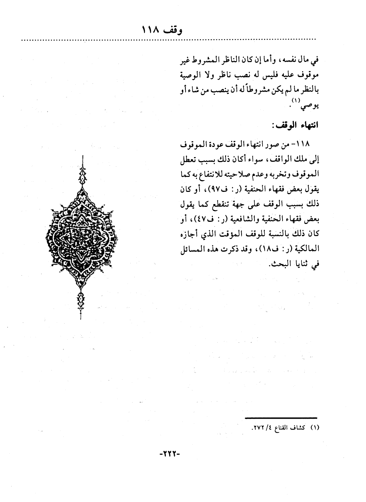 118 - مِنْ صُوَرِ انْتِهَاءِ الْوَقْفِ عَوْدَةُ الْمَوْقُوفِ إِلَى مِلْكِ الْوَاقِفِ، سَوَاءٌ أَكَانَ ذَلِكَ بِسَبَبِ تَعَطُّل الْمَوْقُوفِ وَتَخَرُّبِهِ وَعَدَمِ صَلاَحِيَتِهِ لِلاِنْتِفَاعِ بِهِ، كَمَا يَقُول بَعْضُ فُقَهَاءِ الْحَنَفِيَّةِ (ر: ف 97) ، أَوْ كَانَ ذَلِكَ بِسَبَبِ الْوَقْفِ عَلَى جِهَةٍ تَنْقَطِعُ، كَمَا يَقُول بَعْضُ فُقَهَاءِ الْحَنَفِيَّةِ وَالشَّافِعِيَّةِ (ر: ف47) ، أَوْ كَانَ ذَلِكَ بِالنِّسْبَةِ لِلْوَقْفِ الْمُؤَقَّتِ الَّذِي أَجَازَهُ الْمَالِكِيَّةُ (ر: ف 18) ، وَقَدْ ذَكَرْتُ هَذِهِ الْمَسَائِل فِي ثَنَايَا الْبَحْثِ.
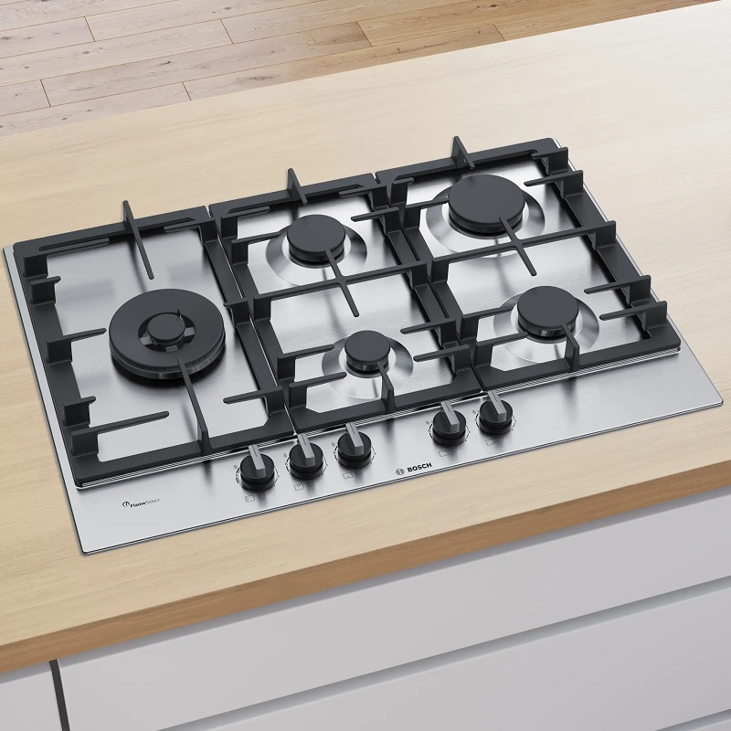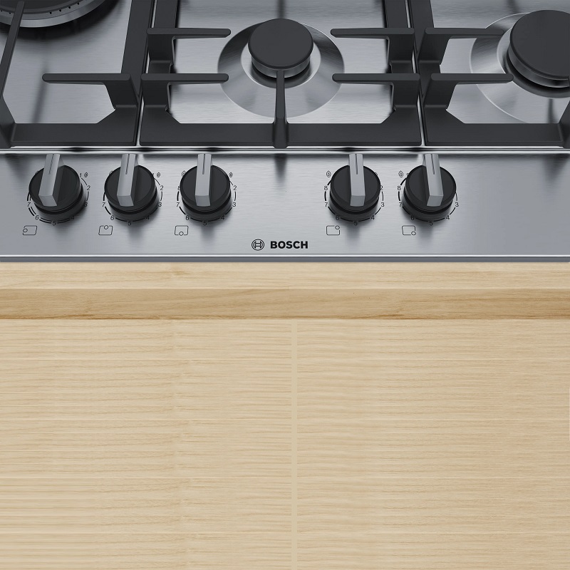 Bosch PCS7A5I90 Gaskochfeld (Butan/Erdgas), 75 cm, 5 Brenner, Edelstahl
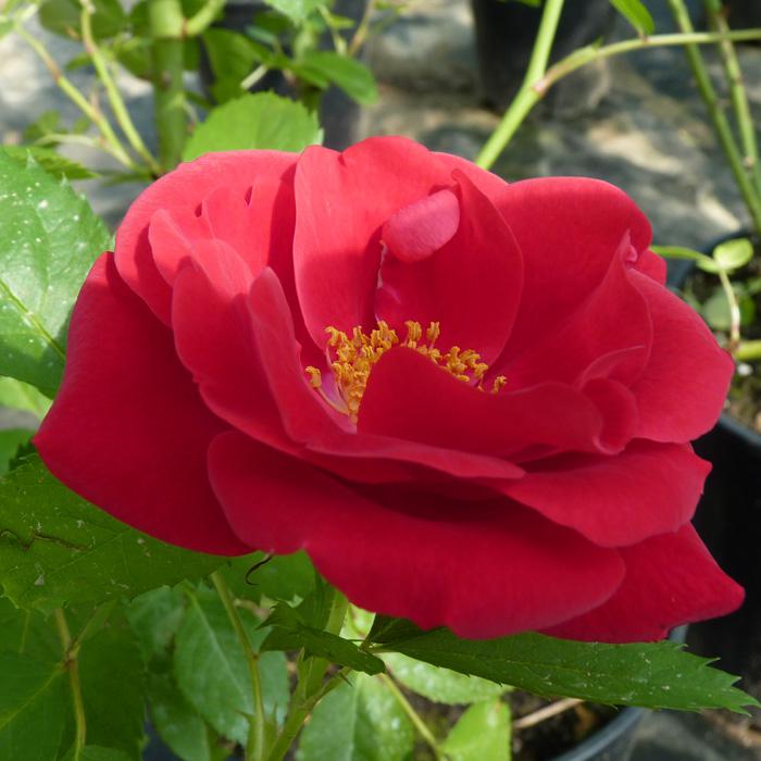 Цветок: Темно-красный, чашевидный, с высоким центром.
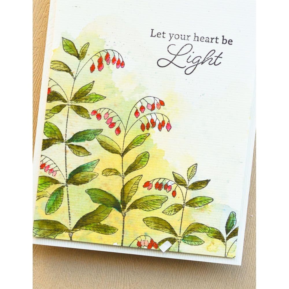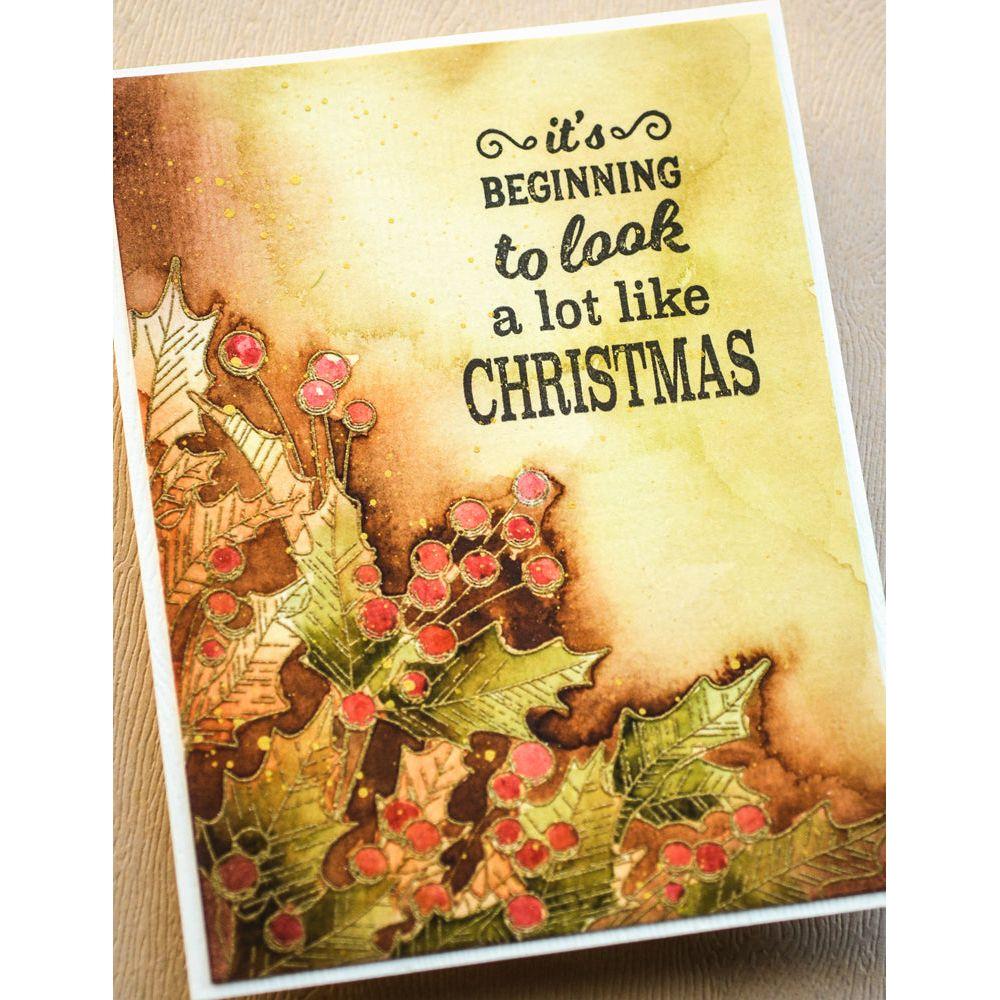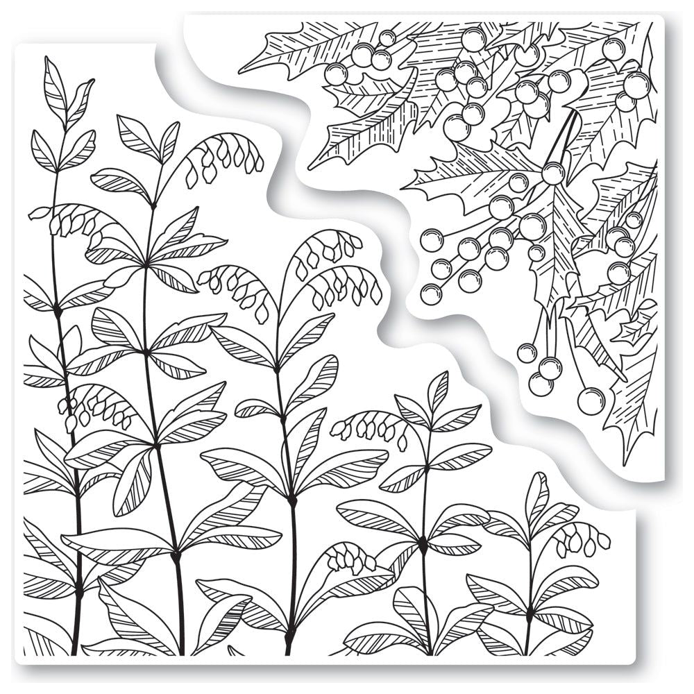 The Memory Box Leaves and Berries Cling Stamps, part of the Yuletide Collection, measure 6 x 6 inches and include 2 pieces. These stamps feature red rubber mounted on cushion, designed for use with a stamping platform. The stamps depict stems of greenery adorned with flowers and leaves filled with berries, with approximate sizes of 5.7 x 5.8 inches and 4.1 x 4.3 inches. They are ideal for adding detailed and festive botanical elements to your crafting projects.
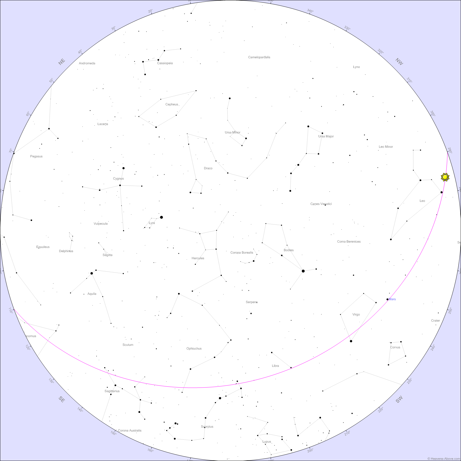 Evening planets are quieter but worth a look. Mars clings to the low western horizon right after sunset. It is faint, small, and sets quickly, so you will need an unobstructed view and a bit of luck with atmospheric clarity.
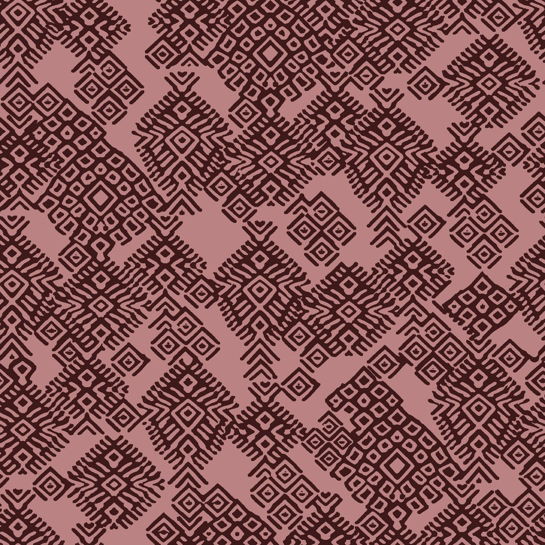 Intricate diamond & line motifs in dark maroon on muted mauve base
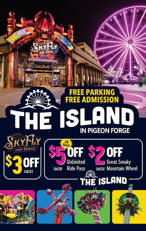 The Island is showcased by a 200-foot Observation Wheel and the Island Show Fountains, which are programmed to perform to light and music year-round. Our oasis in the Smokies is open 365 days a year with free parking and free admission, making it accessible for anyone visiting Pigeon Forge, Tennessee.
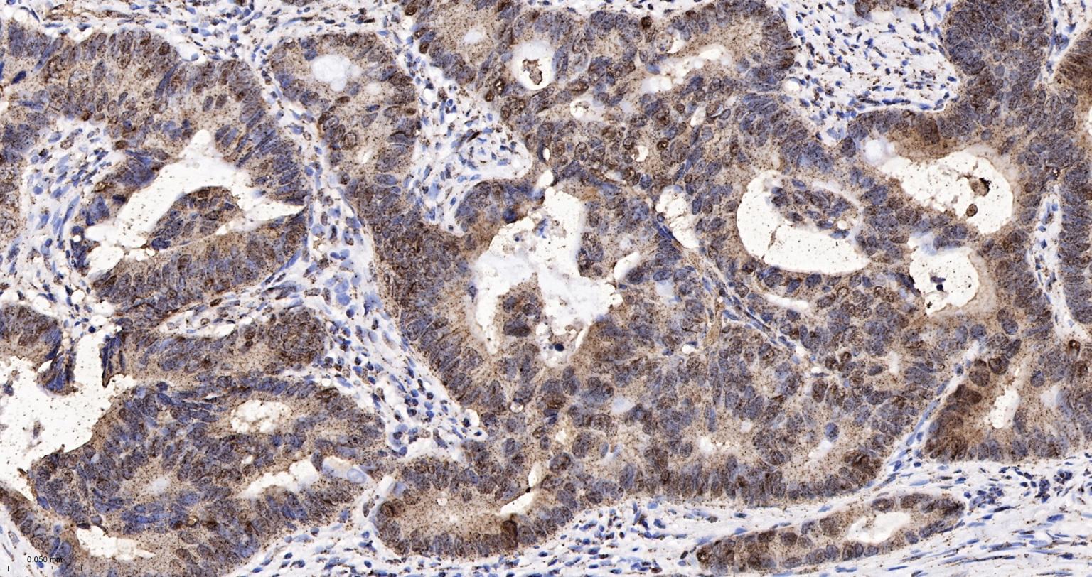 Paraformaldehyde-fixed, paraffin embedded Human Colon Cancer; Antigen retrieval by boiling in sodium citrate buffer (pH6.0) for 15 min; The section was incubated with APEX1 Monoclonal Antibody, Unconjugated (bsm-60707R) at 1:200 overnight at 4°C, followed by conjugation to the bs-0295G-HRP and DAB (C-0010) staining.
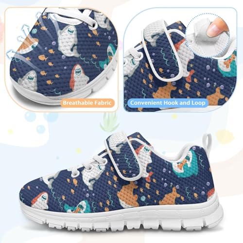 Boys Sneakers Kids Running Shoes Girls Mesh Fitness Shoe Indoor Training Sneaker Lightweight Outdoor Sports Athletic Tennis Shoes for Little Kid/Big Kid Cartoon Shark Pattern(White Sole) 5
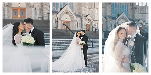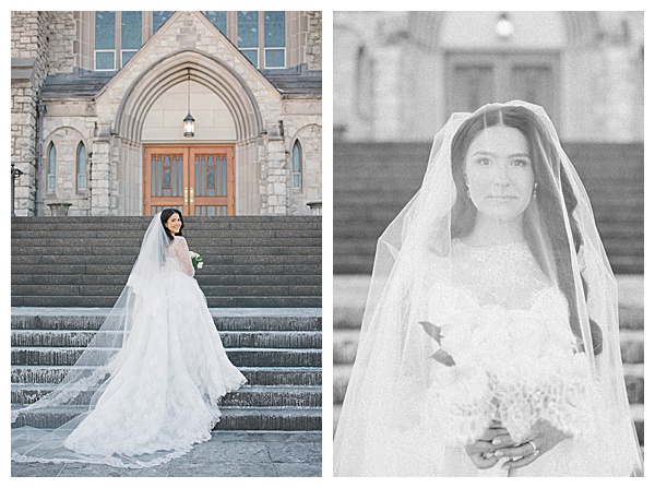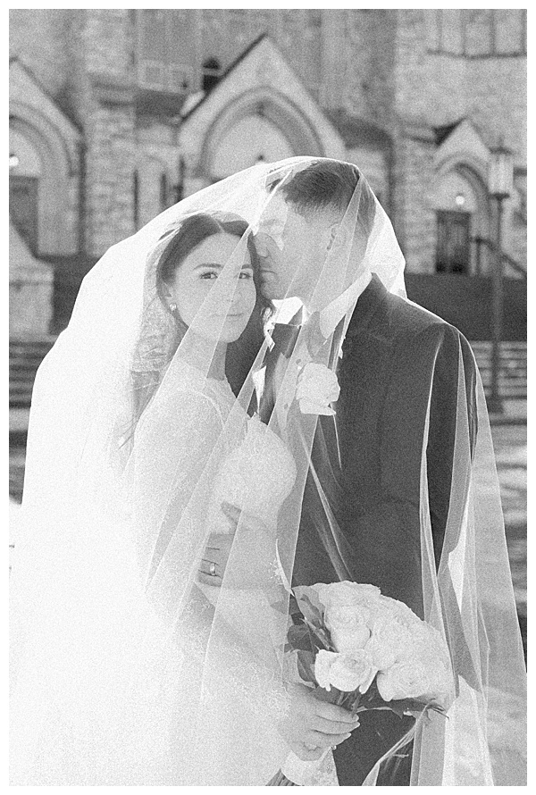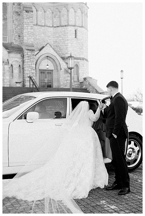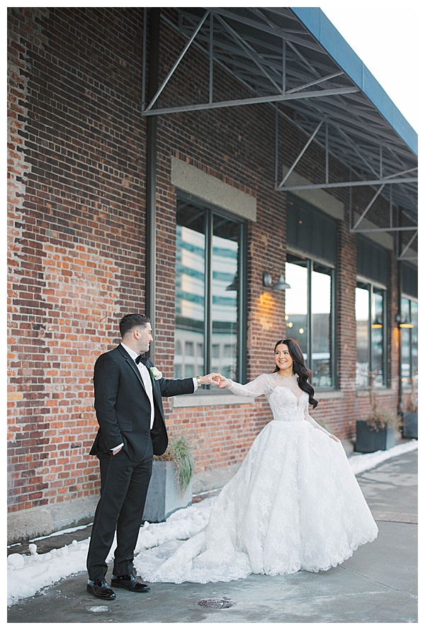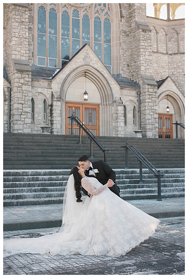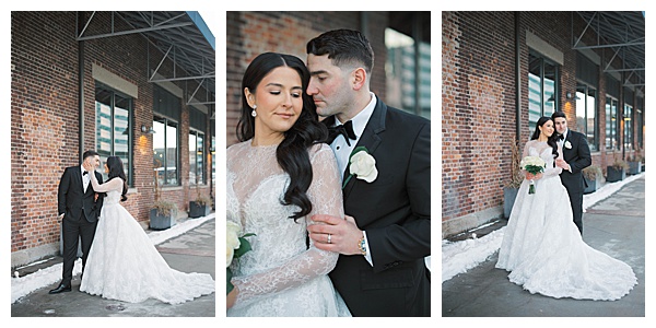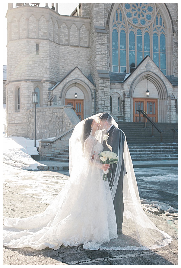 Stephanie herself was breathtaking. Her lace gown was intricate and elegant, and her dramatic veil added a touch of romance that perfectly complemented the snowy landscape. Outdoor portraits against the icy backdrop turned into some of the dreamiest, most cinematic images of the day, proving that cold weather can make for the most magical photography.
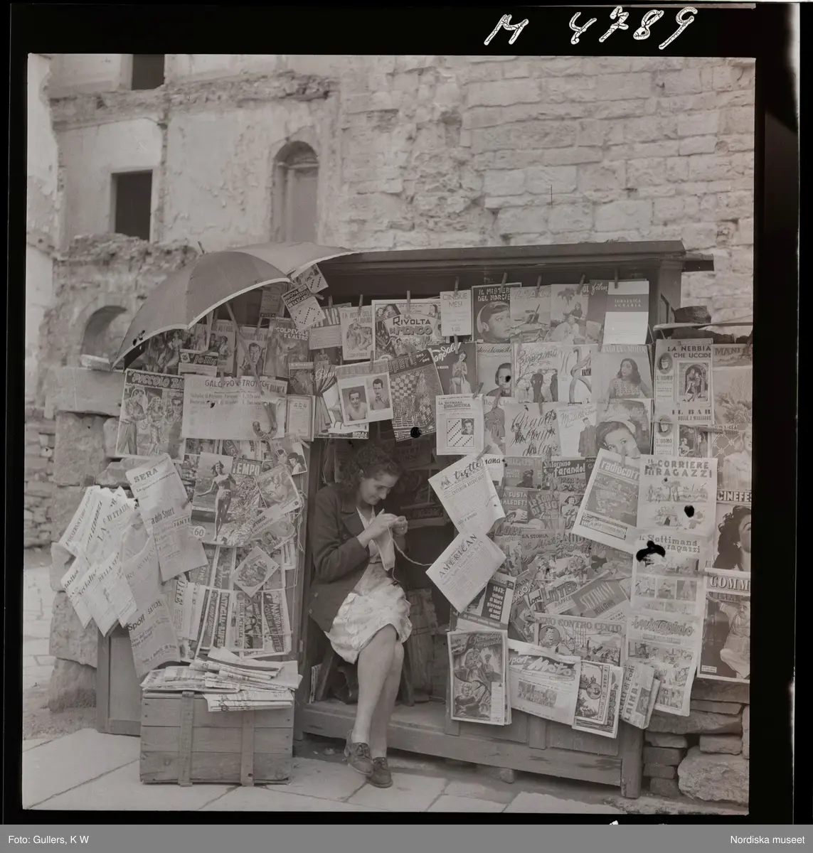 1717/B Rom. En kvinna sitter och stickar i väntan på kunder i en tidningskiosk.

________________________________________

== YOUR OBJECTIVE ==
Could the entries be output exactly as written, but without their images?

== SOLUTION FOR THIS PROBLEM ==
 118 - مِنْ صُوَرِ انْتِهَاءِ الْوَقْفِ عَوْدَةُ الْمَوْقُوفِ إِلَى مِلْكِ الْوَاقِفِ، سَوَاءٌ أَكَانَ ذَلِكَ بِسَبَبِ تَعَطُّل الْمَوْقُوفِ وَتَخَرُّبِهِ وَعَدَمِ صَلاَحِيَتِهِ لِلاِنْتِفَاعِ بِهِ، كَمَا يَقُول بَعْضُ فُقَهَاءِ الْحَنَفِيَّةِ (ر: ف 97) ، أَوْ كَانَ ذَلِكَ بِسَبَبِ الْوَقْفِ عَلَى جِهَةٍ تَنْقَطِعُ، كَمَا يَقُول بَعْضُ فُقَهَاءِ الْحَنَفِيَّةِ وَالشَّافِعِيَّةِ (ر: ف47) ، أَوْ كَانَ ذَلِكَ بِالنِّسْبَةِ لِلْوَقْفِ الْمُؤَقَّتِ الَّذِي أَجَازَهُ الْمَالِكِيَّةُ (ر: ف 18) ، وَقَدْ ذَكَرْتُ هَذِهِ الْمَسَائِل فِي ثَنَايَا الْبَحْثِ.
 Bosch PCS7A5I90 Gaskochfeld (Butan/Erdgas), 75 cm, 5 Brenner, Edelstahl
 Цветок: Темно-красный, чашевидный, с высоким центром.
 The Memory Box Leaves and Berries Cling Stamps, part of the Yuletide Collection, measure 6 x 6 inches and include 2 pieces. These stamps feature red rubber mounted on cushion, designed for use with a stamping platform. The stamps depict stems of greenery adorned with flowers and leaves filled with berries, with approximate sizes of 5.7 x 5.8 inches and 4.1 x 4.3 inches. They are ideal for adding detailed and festive botanical elements to your crafting projects.
 Evening planets are quieter but worth a look. Mars clings to the low western horizon right after sunset. It is faint, small, and sets quickly, so you will need an unobstructed view and a bit of luck with atmospheric clarity.
 Intricate diamond & line motifs in dark maroon on muted mauve base
 The Island is showcased by a 200-foot Observation Wheel and the Island Show Fountains, which are programmed to perform to light and music year-round. Our oasis in the Smokies is open 365 days a year with free parking and free admission, making it accessible for anyone visiting Pigeon Forge, Tennessee.
 Paraformaldehyde-fixed, paraffin embedded Human Colon Cancer; Antigen retrieval by boiling in sodium citrate buffer (pH6.0) for 15 min; The section was incubated with APEX1 Monoclonal Antibody, Unconjugated (bsm-60707R) at 1:200 overnight at 4°C, followed by conjugation to the bs-0295G-HRP and DAB (C-0010) staining.
 Boys Sneakers Kids Running Shoes Girls Mesh Fitness Shoe Indoor Training Sneaker Lightweight Outdoor Sports Athletic Tennis Shoes for Little Kid/Big Kid Cartoon Shark Pattern(White Sole) 5
 Stephanie herself was breathtaking. Her lace gown was intricate and elegant, and her dramatic veil added a touch of romance that perfectly complemented the snowy landscape. Outdoor portraits against the icy backdrop turned into some of the dreamiest, most cinematic images of the day, proving that cold weather can make for the most magical photography.
 1717/B Rom. En kvinna sitter och stickar i väntan på kunder i en tidningskiosk.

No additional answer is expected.